Our next stop was to my grandparent's house, so that we could a) visit with them and b) introduce our pup.  I'd been putting it off until I felt she was well-behaved enough not to accidentally hurt either of them (they are somewhat fragile and there are blood-thinners involved; one tiny scratch can lead to way too much excitement).  Apparently I waited an appropriate length of time, because after her initial five minute "New people yay yay yay!" freakout (during which time I stood firmly on her leash), Isis calmed down and spent the next few hours behaving beautifully.  My grandparents were charmed, and all is right with the world.

Well, except for the fact that I straight up fell off the paleo wagon today.  It began with rice-crackers at my grandparents' house, and it ended with some fudge in  my dining room.  And I can't quite find the strength to feel particularly bad about it, either.

6.16.2012

Hard Reset: Day Twelve (or: Getting Pissed Off At My Physical Limitations)

I did not sleep well last night, for various reasons.  One of those reasons was allergies (which, what the heck PNW?  We were doing fine and then suddenly sonotfine.), which is why I've made the command decision that local honey is coming back into my diet today.  I'd sort of thought from the beginning that I'd bring it back in for the third week, but this is happening now.

Anyway, as I lay there awake around 0400 I thought to myself, I'm so effin' miserable.  Maybe I'll skip crossfit.

And then when my alarm went off at 0700 (I sleep in on Saturdays) I had The Debate:

I am a grown-ass woman.  I don't have to go to crossfit if I don't want to.  I feel like crap, and no one cares if I don't go.

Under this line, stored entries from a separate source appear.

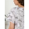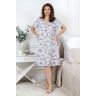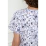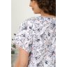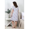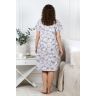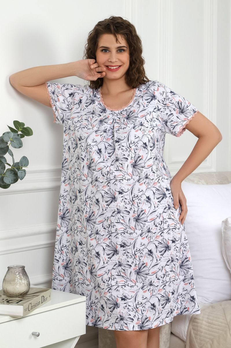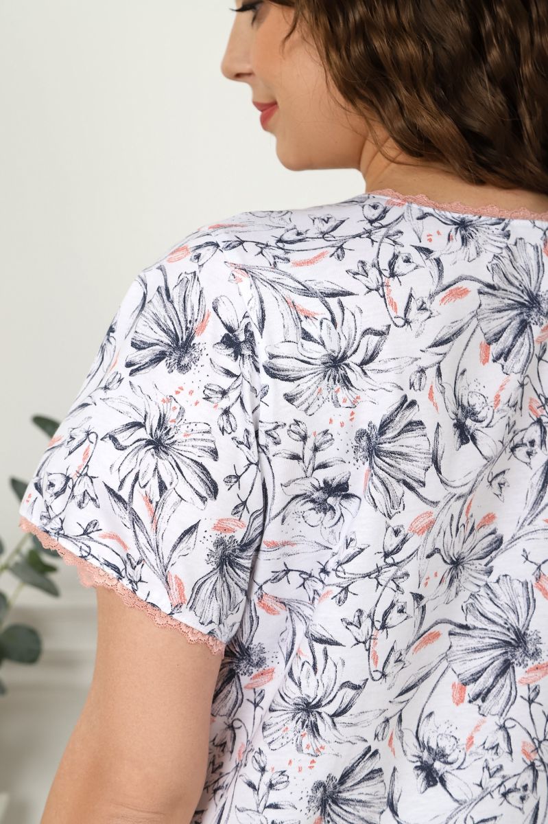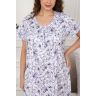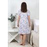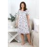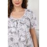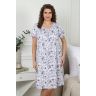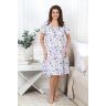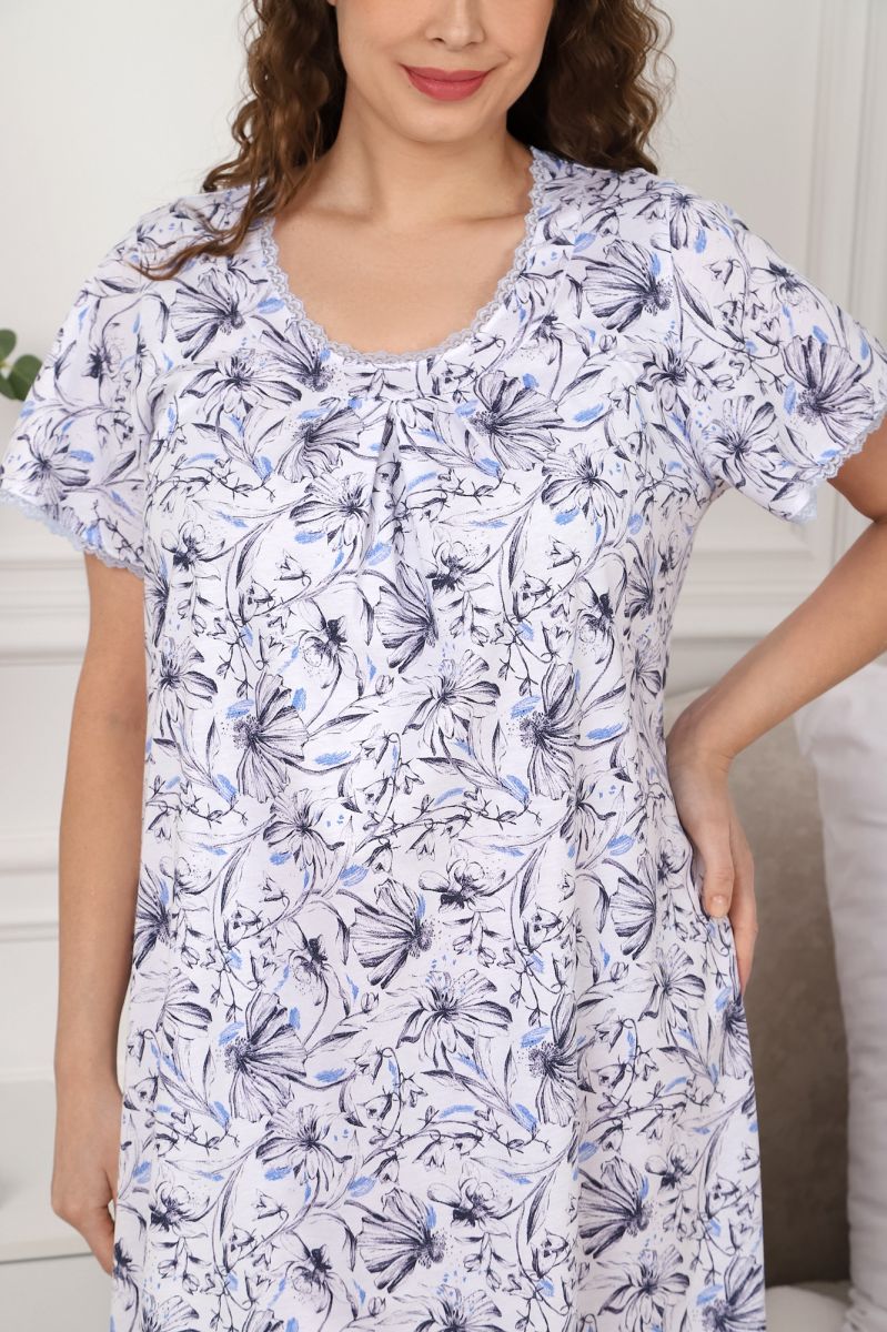 Сорочка женская из трикотажного полотна «кулирка» с набивным рисунком, свободного покроя, слегка расширенная книзу, с короткими втачными рукавами и горловиной овальной формы. Полочка – с отделочной деталью, повторяющей контур горловины, в шве притачивания которой симметрично относительно центра заложены 6 складочек-защипов. Наружный край горловины и низ рукавов обработаны узким кружевом.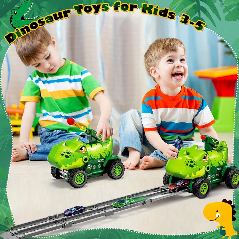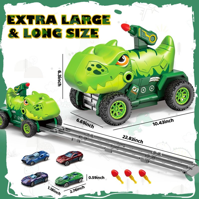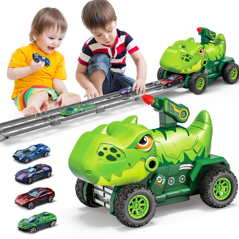 - Toys For 3 4 5 6 Years Old Boys:Our dinosaur truck toys including 1 truck and 4 mini die-cast race cars,and have catapult turret that launch foam rockets. The unique designed dinosaur transport truck vehicle is loved by kids.Perfect gift for boys and girls aged 3 years old and up for birthdays, Christmas, Easter, holidays, and any other special occasion!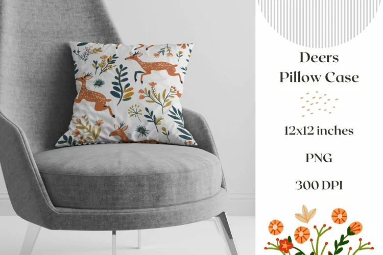 Cute Deer Pillow Case Design, Floral Pillowcase Sublimation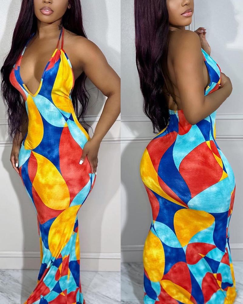 Style:Chic Type:Straight Material:97%Polyester,3%Spandex Neckline:Halter Sleeve Style:Sleeveless Length:Maxi Pattern Type:Colorblock Decoration:Backless Fit Type:Regular Occasion:Daily,Vacation Package Include:1* Dress Fabric Elasticity:Non-Stretch Sheer:No Care Instructions:Machine wash or professional dry clean Waist Line:Natural
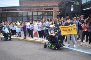 Paul has visited the school during previous Ride For Life events and is extremely grateful for the continued support. Joining him was Jordan, of Islandia, who came to Ames for the first time. Jordan said that ALS is not a common ailment and Massapequa’s ninth graders can now serve as ambassadors to raise awareness. Students lining the front of the school held signs with messages like “Never give up,” “Stay strong” and “Ames is fighting for you.” Members of the student council carried banners with the pictures and names of people who have lost their battle with ALS.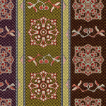 Les motifs variés de ces tissus (jôdaigire) révèlent avec une nette évidence l'influence d'un héritage culturel moyen-oriental (Perse sassanide (226-651), actuelle Iran, et chinois. Des motifs floraux (lotus, pivoines, clématites, mauve) et des végétaux complexes (vigne) en arabesques, en médaillons ou en rosaces encadrent et accompagnent des animaux bien réels (oiseaux, canards mandarins, tortues…), ou des créatures mythiques chinoises (dragons, phoenix, chiens-lions…).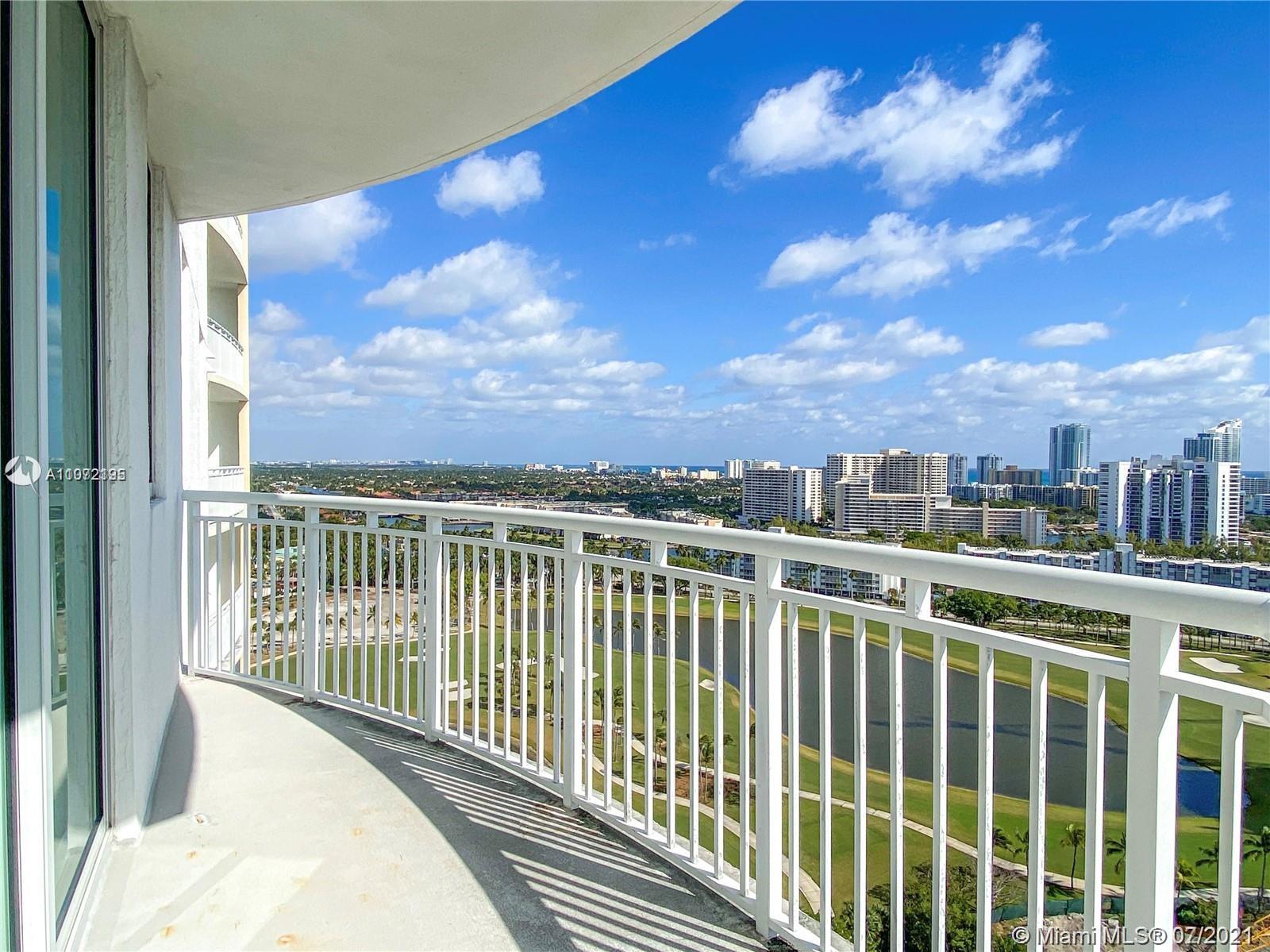 Presenting the best opportunity in the Duo! This corner unit features an incredible wrap-around balcony with view to the golf and city. Its' 1,354 sq ft efficiently spread between 2 large bedrooms make this home one of the most popular units in the complex. 10F CEILINGS Located within minutes of restaurants, Gulfstream Park, Aventura Mall, the beach and other stores, it is considered by many as the hidden gem of the market. The building features heated pool, spa, steam room, full gym, billiard room, tennis courts, jogging track, garage and much more. This unit includes 1 garage parking space + 1 assigned valet spot at no charge. The building includes an appliance contract with Total and basic cable/internet is included. It is truly one of the best buildings in town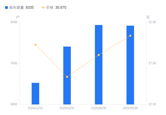 近一年(2024年9月30日至2025年9月30日),屹通新材A股股东户数从8874户,减低至8335户,降幅6.07%,区间股价上涨47.00%。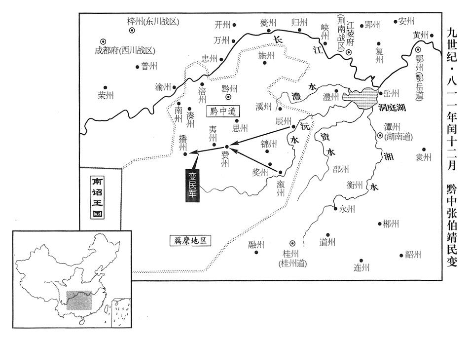 18、闰十二月一日,黔中道上疏奏报说:辰州、溆州二州变民首领张伯靖进攻播州(贵州省遵义市)、费州(贵州省思南县)。

Yes, but- you'll feel so much better after crossfit.

...true.

So I did get up, and I did go to crossfit (after one more round of Debate, which occurred as I lay in bed snuggling Nathan goodbye), and by golly I did feel better afterwards.

WOD:

(in the order I did it in)

AMRAP

Keg Snatches
Jumping Lunges
Wall Walks (this video calls them wall climbs)
Rolling Planks
Row for Calories
Tie Flips
Back Extensions

-Two Rounds
-One minute per station, two minute rest between rounds

Before we started, Jack ran us through the movements.  I was pretty excited when he got to tire flips, because I haven't done those yet.
Not even a little bit.
 ...and I still haven't.  And it pisses me off.  Every other person in that gym (men and women alike) was able to flip that stupid tire, and I couldn't.  So instead I flipped a heavy-weight bag, and felt weak as a newborn kitten the entire time- and twice as petulant.

On the other hand, I rocked out my wall walks- although in retrospect I was touching my belly/chest/forehead to the wall, so possibly I was going a little above and beyond.  That's alright, though, since last time I tried them they weren't happening at all.

So maybe the next time I try tire flips, I'll rock them out, too...

6.15.2012

Hard Reset: Day Eleven (or: A Little Spare Time)

I got a little spare time this evening, so I put it into laying down some color on this piece:
Tricksie Layers

Which, as you may recall, I did promise to come back to "once things calmed down".  Guess they have, mostly.

Mostly.

(Lamb burgers for dinner.  With bacon.  So good.)

6.14.2012

Hard Reset: Day Ten (or: Speak What's On Your Mind)

I did the first part of this doodle and was fairly well pleased with it- but then I could not, for the life of me, figure out what she was supposed to be saying.  This is still not it, but it will do for now.  (Expect this one to be re-visited.)
Sometimes I just really do love the effect that a ballpoint pen can give me.
Furthermore, sweet potatoes cut up, tossed in olive oil and salt/pepper, then baked for 25 minutes at 425 degrees make Jenny O a happy girl, and are miraculous for banishing "french fries!" cravings.

6.13.2012

Hard Reset: Day Nine (or: Perpetually Progressing)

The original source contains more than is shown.